Exercise — Your answer must consist of exactly the lines below, starting with the line with "SELECT DISTINCT DEPARTMENT_ID, cnt_member(DEPARTMENT_ID)" and going on through the line with "Аюулгүй байдлын хүчнийхэн", and nothing else.

Recorded data: Begin

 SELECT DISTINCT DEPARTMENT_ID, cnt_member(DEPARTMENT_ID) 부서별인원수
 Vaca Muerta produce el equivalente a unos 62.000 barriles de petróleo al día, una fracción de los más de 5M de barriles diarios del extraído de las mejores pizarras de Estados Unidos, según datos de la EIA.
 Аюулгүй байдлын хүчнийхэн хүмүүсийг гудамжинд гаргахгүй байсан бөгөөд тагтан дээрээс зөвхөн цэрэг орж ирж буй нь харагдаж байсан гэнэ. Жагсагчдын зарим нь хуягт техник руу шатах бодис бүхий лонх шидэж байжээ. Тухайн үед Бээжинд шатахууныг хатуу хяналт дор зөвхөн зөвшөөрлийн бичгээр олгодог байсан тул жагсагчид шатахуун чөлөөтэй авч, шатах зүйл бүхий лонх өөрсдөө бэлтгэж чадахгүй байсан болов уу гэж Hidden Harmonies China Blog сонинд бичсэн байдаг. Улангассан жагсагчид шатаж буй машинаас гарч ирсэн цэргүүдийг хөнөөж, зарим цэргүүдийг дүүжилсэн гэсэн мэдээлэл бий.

Recorded data: End
Recorded data: Begin

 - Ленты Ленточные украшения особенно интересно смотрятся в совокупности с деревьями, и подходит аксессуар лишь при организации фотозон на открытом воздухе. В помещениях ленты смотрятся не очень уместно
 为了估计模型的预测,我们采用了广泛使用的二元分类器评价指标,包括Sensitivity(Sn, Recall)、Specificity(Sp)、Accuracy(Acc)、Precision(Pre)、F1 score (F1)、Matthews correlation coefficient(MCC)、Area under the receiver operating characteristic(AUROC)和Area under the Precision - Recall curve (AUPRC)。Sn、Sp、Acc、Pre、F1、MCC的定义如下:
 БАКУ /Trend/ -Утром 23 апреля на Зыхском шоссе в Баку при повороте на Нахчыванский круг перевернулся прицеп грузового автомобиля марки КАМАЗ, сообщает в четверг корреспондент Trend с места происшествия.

Recorded data: End
Recorded data: Begin

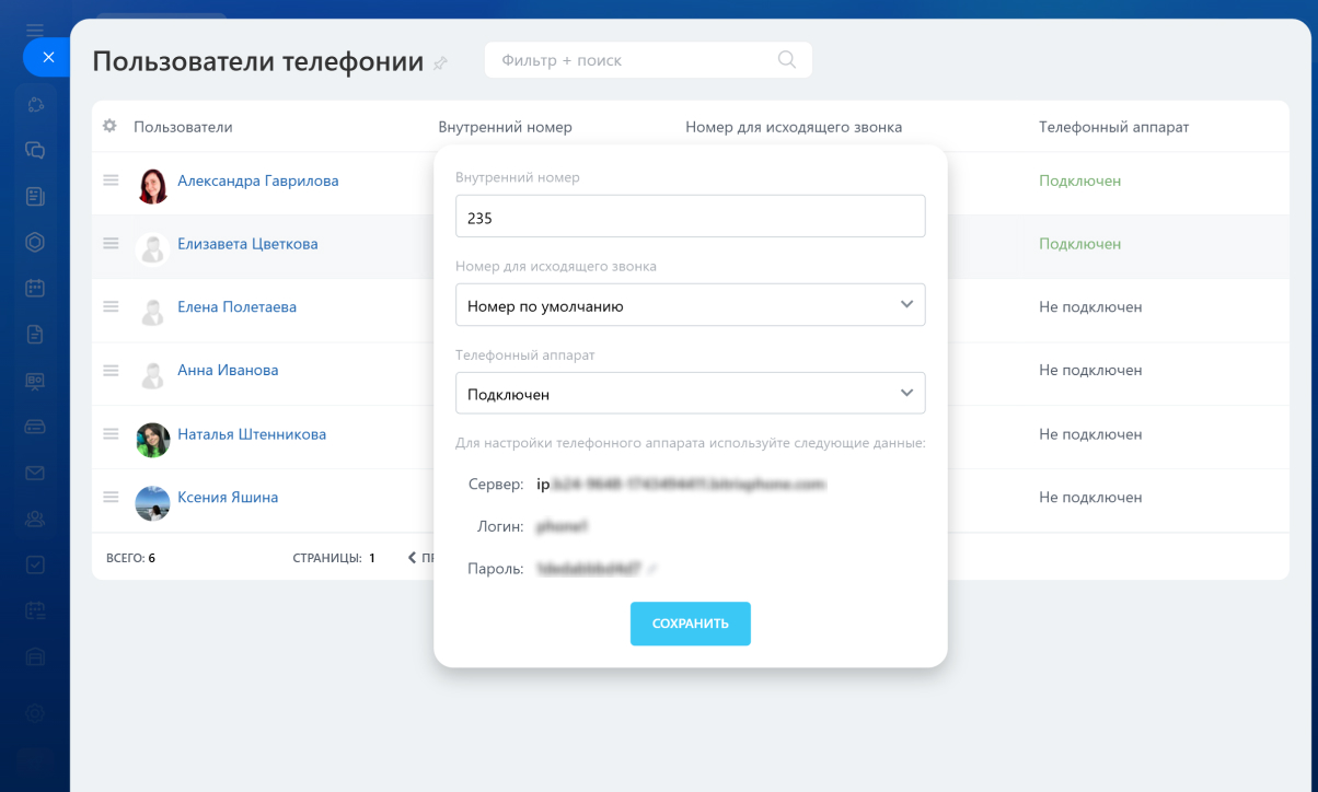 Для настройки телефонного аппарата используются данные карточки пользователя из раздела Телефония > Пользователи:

Recorded data: End

Written answer —
 SELECT DISTINCT DEPARTMENT_ID, cnt_member(DEPARTMENT_ID) 부서별인원수
 Vaca Muerta produce el equivalente a unos 62.000 barriles de petróleo al día, una fracción de los más de 5M de barriles diarios del extraído de las mejores pizarras de Estados Unidos, según datos de la EIA.
 Аюулгүй байдлын хүчнийхэн хүмүүсийг гудамжинд гаргахгүй байсан бөгөөд тагтан дээрээс зөвхөн цэрэг орж ирж буй нь харагдаж байсан гэнэ. Жагсагчдын зарим нь хуягт техник руу шатах бодис бүхий лонх шидэж байжээ. Тухайн үед Бээжинд шатахууныг хатуу хяналт дор зөвхөн зөвшөөрлийн бичгээр олгодог байсан тул жагсагчид шатахуун чөлөөтэй авч, шатах зүйл бүхий лонх өөрсдөө бэлтгэж чадахгүй байсан болов уу гэж Hidden Harmonies China Blog сонинд бичсэн байдаг. Улангассан жагсагчид шатаж буй машинаас гарч ирсэн цэргүүдийг хөнөөж, зарим цэргүүдийг дүүжилсэн гэсэн мэдээлэл бий.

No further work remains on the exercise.